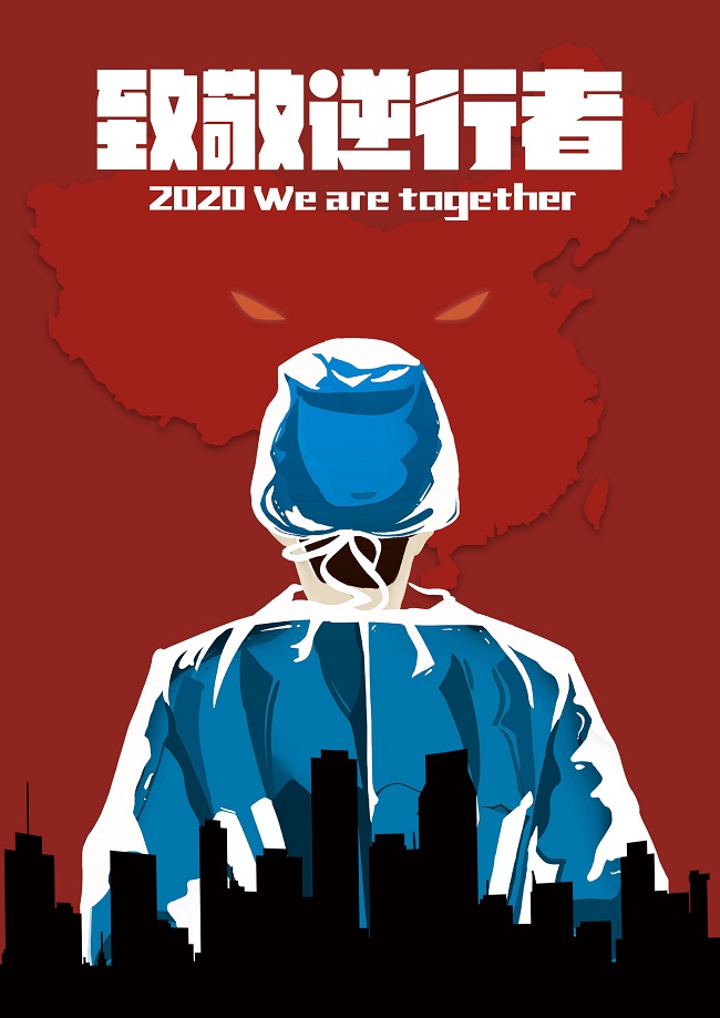 以上是18级数媒应用的贾思源同学在孙涵老师的指导之下创作的作品《致敬逆行者》。海报采用了城市建筑群的剪影(代表人民大众)与医护人员的剪影,中国地图以及一双新型冠状病毒病原体的眼睛。表达了在疫情来临之际,医护人员将人民大众挡在身后,体现了冲在一线的医护人员们不畏艰险的精神。同时,医护人员冲锋陷阵也少不了人民大众的支援,双方互帮互助,共同抵抗疫情。
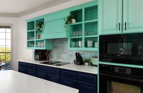 Adjacent to the living room, the gourmet kitchen is a dream for both casual cooks and culinary enthusiasts. Outfitted with top-of-the-line stainless steel appliances, a spacious island with bar seating, sleek quartz countertops, and custom cabinetry, you'll find everything you need for anything from morning pancakes to elegant dinners. The open layout flows seamlessly into a stylish dining area, with a large table that seats your entire group comfortably, ideal for shared meals, board games, or working remotely in a beautiful.
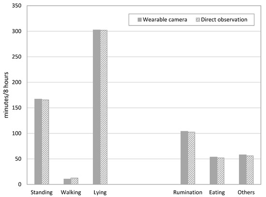 For the posture, lying was observed for 302 min (62.9% of the total 8 h of observation time) by direct observation and 302.5 min (63.0% of the total 8 h of observation time) using the wearable camera.
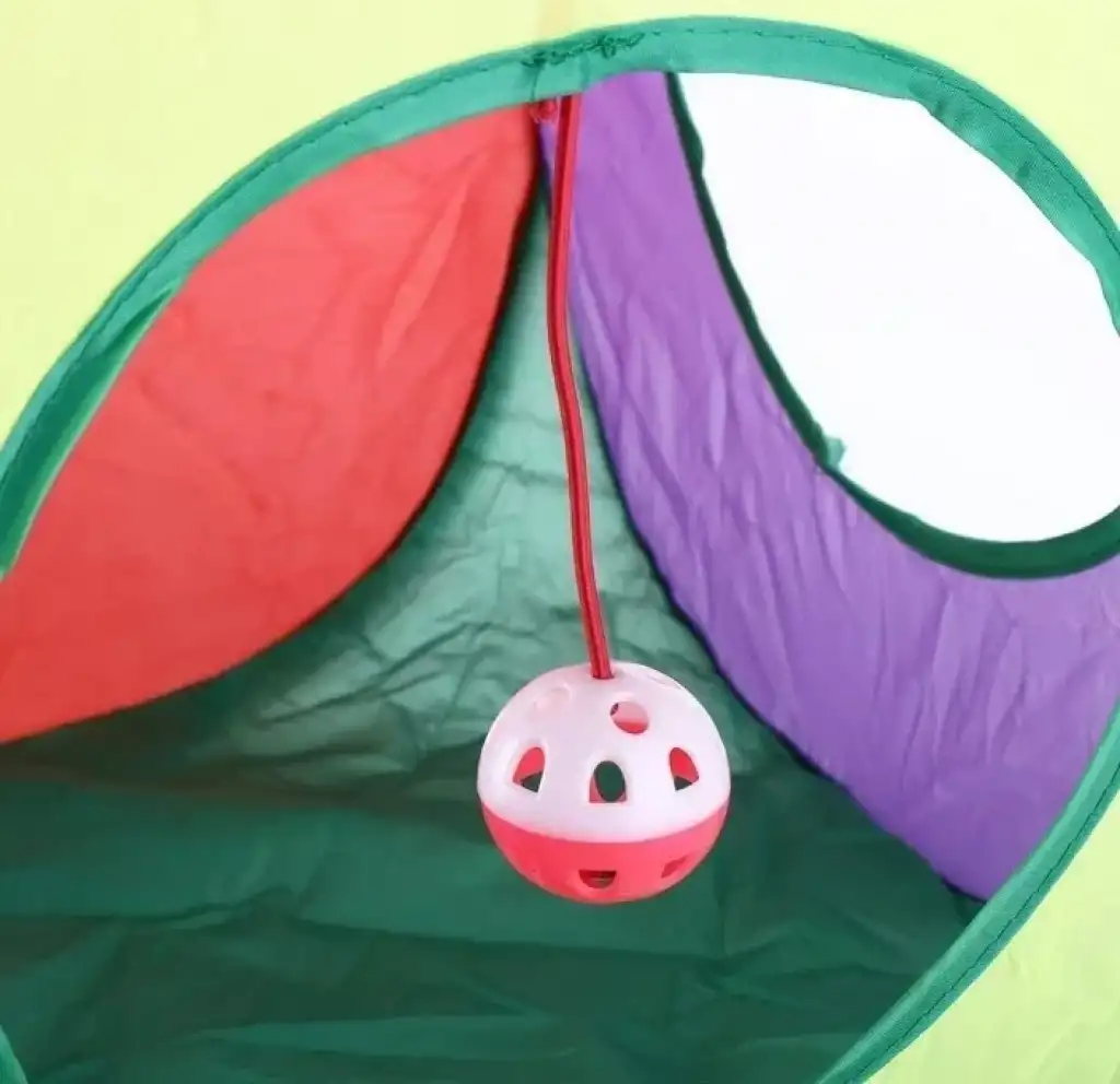 Oyuncak Toplu Kedi Oyun TüneliÜrün Açıklaması:Kediniz için özel olarak tasarlanmış bu renkli oyun çadırı, hem oyun hem de saklanma alanı sunar. İçinde bulunan asılı oyuncak top ile kedinizin ilgisini çeker, onu eğlenceli vakit geçirmeye teşvik eder. Dayanıklı kumaş yapısı ve renkli tasarımıyla evinizde şık bir kedi aksesuarıdır. Kurulumu ve saklaması kolay olan bu çadır, kedinizin günlük enerjisini atmasına yardımcı olur.Boyutlar: Geniş oyun alanıMalzeme: Dayanıklı ve güvenli kumaşÖzellikler: Renkli tasarım, asılı oyuncak top, kolay kurulum

> _Task_:
All that is needed is the exact run of lines from the start of the material above through the one containing "Adjacent to the", pictures left out.

> _Written solution_:
 以上是18级数媒应用的贾思源同学在孙涵老师的指导之下创作的作品《致敬逆行者》。海报采用了城市建筑群的剪影(代表人民大众)与医护人员的剪影,中国地图以及一双新型冠状病毒病原体的眼睛。表达了在疫情来临之际,医护人员将人民大众挡在身后,体现了冲在一线的医护人员们不畏艰险的精神。同时,医护人员冲锋陷阵也少不了人民大众的支援,双方互帮互助,共同抵抗疫情。
 Adjacent to the living room, the gourmet kitchen is a dream for both casual cooks and culinary enthusiasts. Outfitted with top-of-the-line stainless steel appliances, a spacious island with bar seating, sleek quartz countertops, and custom cabinetry, you'll find everything you need for anything from morning pancakes to elegant dinners. The open layout flows seamlessly into a stylish dining area, with a large table that seats your entire group comfortably, ideal for shared meals, board games, or working remotely in a beautiful.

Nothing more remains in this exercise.